Es gab allerdings in den einzelnen Gruppen Personen, die eine klinisch relevante Verbesserung des UPSIT um 4 Punkte oder mehr erreichten. Im bimodalen Training mit den von den Patienten bevorzugten Düften waren es 18 von 34 Patienten (53 %), im bimodalen Training mit vorgegebenen Düften 15 von 37 Patienten (41 %).

In der unimodalen Gruppe erzielten 12 von 40 Patienten (30 %) bei Patientenpräferenz und 11 von 38 (29 %) bei vorgegebenen Düften eine relevante Verbesserung des Riechempfindens.
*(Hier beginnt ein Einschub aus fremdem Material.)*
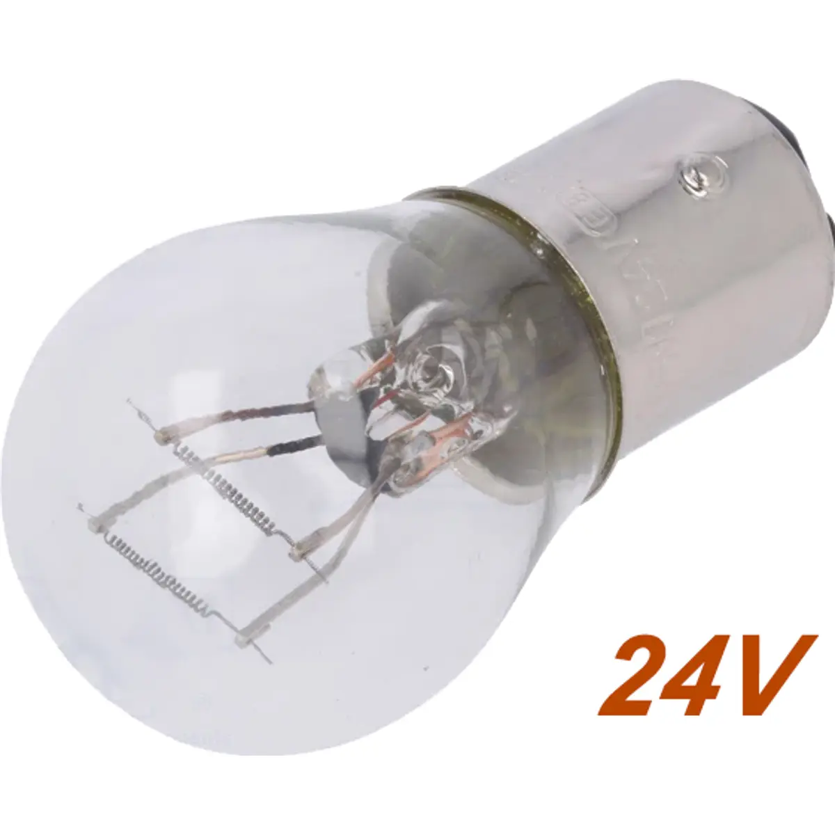 Lâmpada automóvel de 24V com base BAY15D SBC, tipo P21/5W, para camiões. Possui dois filamentos de 21W e 5W para iluminação de posição e travão, com vidro transparente e montagem simples. Fabricante LUCAS, modelo LLB294T, inclui uma unidade. Ideal para substituição direta, garantindo desempenho estável, durabilidade e iluminação confiável em veículos pesados.
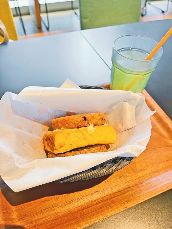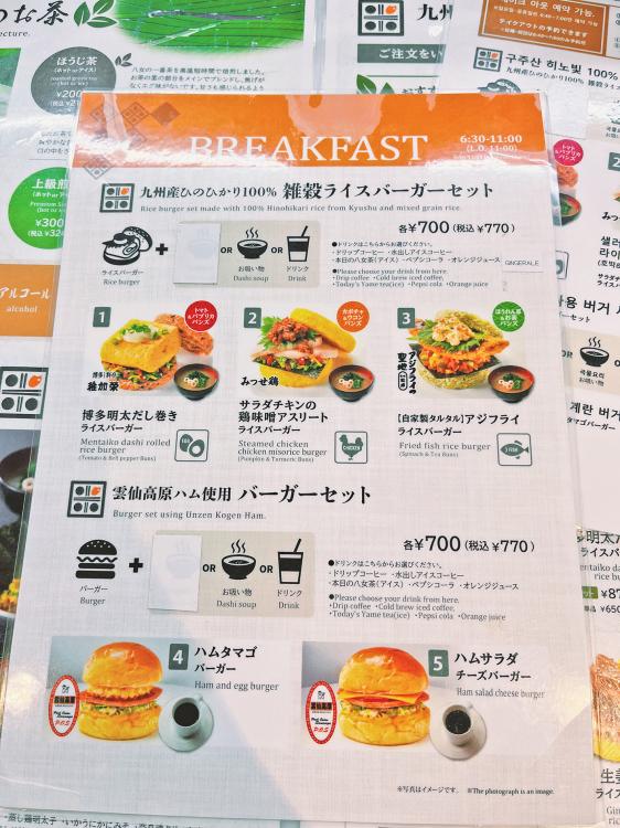 モーニング(6:30〜11:00)の時間帯にオーダー可能な『雑穀ライスバーガーセット』の中から、1番惹かれた『博多明太だし巻き』を注文。朝から空いているお店ってそんなに多くないからありがたい!お客さんは、観光客の方が多い印象です◎

In der Kontrollgruppe gingen die Riechstörungen nur bei 5 von 21 Patienten (24 %) zurück.

Auch in der Selbsteinschätzung der Patienten („Clinical Global Impressions Impression-Improvement“) kam es nach der bimodalen Therapie häufiger zu einer Verbesserung als in der Kontrollgruppe (35 % versus 19 %). In einem Fragebogen zur Lebensqualität („Olfactory Dysfunction Outcomes Rating“ ODOR), dessen Ergebnisse von 0 bis 112 Punkte reichen, kam es zu einer Verbesserung um durchschnittlich 11,6 Punkte, die allerdings nicht als klinisch relevant eingestuft wurde.

Die Ergebnisse waren damit nicht eindeutig, und die stark subjektiv geprägten Messinstrumente schließen nach Einschätzung der Editorialistin Carol Yan von der Universität von Kalifornien in San Diego einen Place­boeffekt nicht aus. Angesichts einer fehlenden evidenzbasierten Behandlung könne das Riechtraining einigen Patienten jedoch helfen, die Zeit bis zur Erholung zu überbrücken, die sich nach den bisherigen Erfahrungen bei den meisten Patienten früher oder später einstellt.